L’intérêt manifeste suscité par les commémorations du centenaire a permis de mesurer la valeur inestimable de cet héritage mémoriel légué par nos aînés et, en cette époque d’incertitudes, il est intéressant de revenir sur cet apport.

Malgré les drames et les épreuves endurés, ces hommes, pour la plupart très jeunes et profondément abîmés, sont les premiers à prendre leur destin en main et à se projeter ensemble dans un avenir commun.

Sans le savoir, ils s’engagent dans une forme d’innovation sociale. Survivants valides et mutilés, tous vont faire preuve d’un talent d’inventivité sans pareil pour subvenir à leurs besoins essentiels et relever la tête.

Dès le cessez-le-feu, ils s’organisent et donnent vie à un intense réseau associatif couvrant l’ensemble du territoire jusqu’aux plus petites communes. L’entre-deux-guerres est alors le temps de la responsabilité citoyenne et de l’éclosion d’une multitude d’initiatives comme le loto dont La Française des jeux assure aujourd’hui la continuité, et l’œuvre nationale du Bleuet de France, toujours d’actualité. Les gueules cassées, les invalides de guerre se montrent sur la voie publique. Ils y vendent leurs billets et les fleurs en tissu qu’ils fabriquent eux-mêmes dans des ateliers de fortune à l’hôpital militaire des Invalides, c’est pour eux le début de l’autonomie et de la dignité retrouvées.
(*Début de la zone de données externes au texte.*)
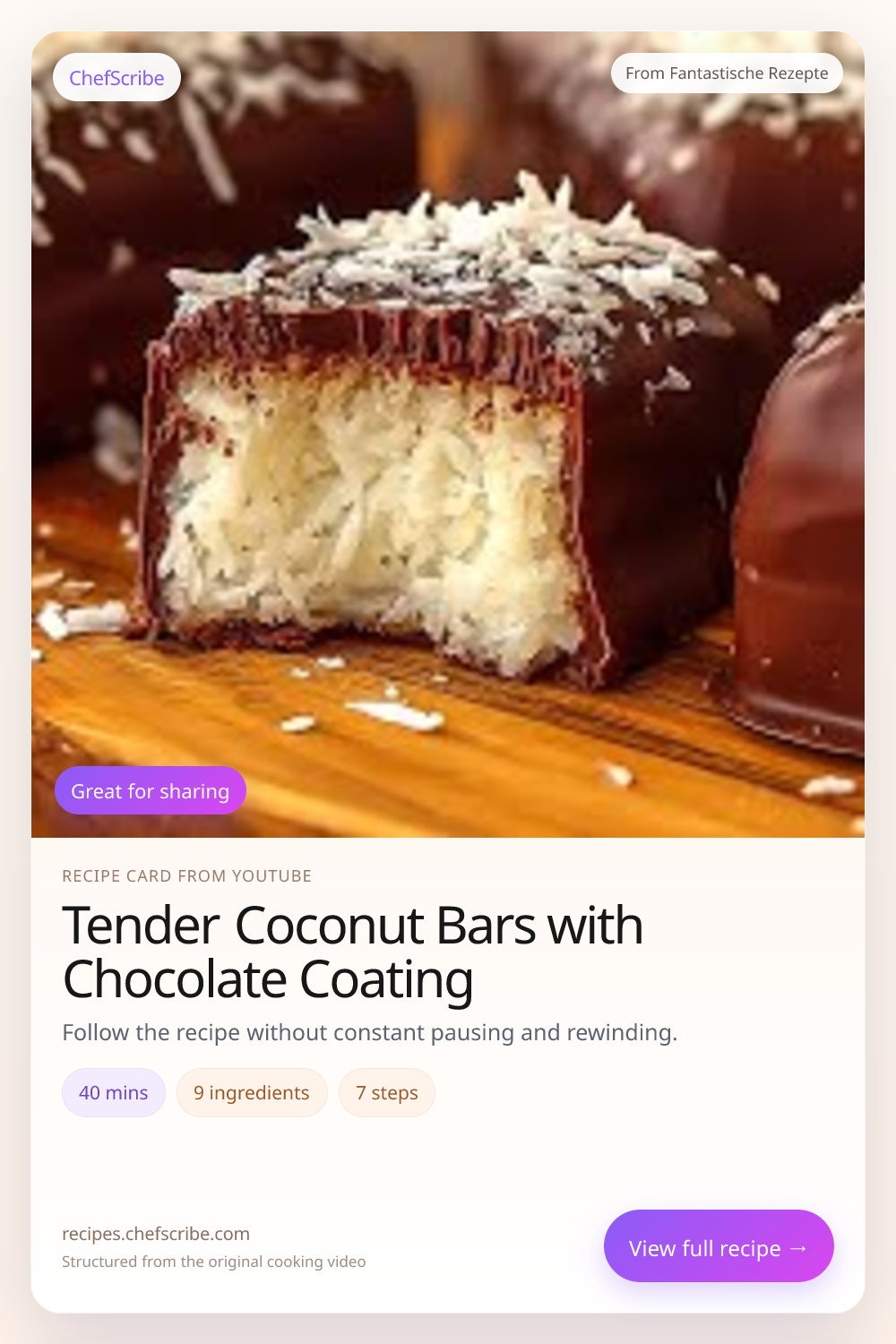 Tender Coconut Bars with Chocolate Coating is shown here as a structured recipe card extracted by ChefScribe from the original YouTube cooking video by Fantastische Rezepte. It is designed to make the recipe easier to follow while cooking. For the creator’s full presentation and context, watch the original video on YouTube.

Ce mouvement de grande ampleur conduit l’état à prendre sa part de responsabilité. Les premiers offices départementaux des combattants sont créés sur l’ensemble du territoire pour mettre en œuvre le droit à la reconnaissance et à la réparation inscrit dans le CPMIVG – Code des pensions militaires d’invalidité et des victimes de guerre – aujourd’hui toujours en vigueur comme l’est aussi leur gestion paritaire qui garantit le dialogue social. L’esprit mutualiste naît alors au cœur de la Grande Guerre.

Avec son cortège d’horreurs et de souffrances, la Seconde Guerre mondiale donne également au monde combattant l’occasion d’exprimer son besoin de solidarité. Ce sont les résistants qui agissent les premiers. Dans la France occupée, un groupe d’hommes appartenant à tous les partis politiques, tous les syndicats, tous les mouvements combattants fonde le CNR – Conseil national de la Résistance – et s’engage pour un avenir qu’ils veulent libre et plus égalitaire. Leur détermination se traduit dans un programme si bien nommé « Les jours heureux » et de cette ambition naîtront des avancées sociales majeures et durables comme le suffrage universel, les nationalisations et la Sécurité sociale.

De natures différentes, les guerres d’Indochine et d’Algérie laisseront de profondes blessures physiques et psychiques chez les combattants et l’espace associatif sera leur refuge, le lieu d’échange de souvenirs et de l’entraide. C’est ainsi qu’ensemble et quel que soit l’avis qu’ils portent sur les guerres qu’ils ont vécues, ils défendent des intérêts communs. Véritable force de propositions, ils deviennent des interlocuteurs incontournables des élus comme des représentants de l’État auxquels ils réclament de nouveaux droits qu’ils obtiennent progressivement.

Ces droits si chèrement gagnés bénéficient aujourd’hui aux nouvelles générations du feu qui obtiennent la carte du combattant au terme de quatre mois d’engagement en opération extérieure et le titre de reconnaissance de la Nation au bout de 90 jours. En accédant à ce statut si particulier, ces engagés volontaires entrent ainsi dans la grande famille du monde combattant et en éprouvent une grande fierté.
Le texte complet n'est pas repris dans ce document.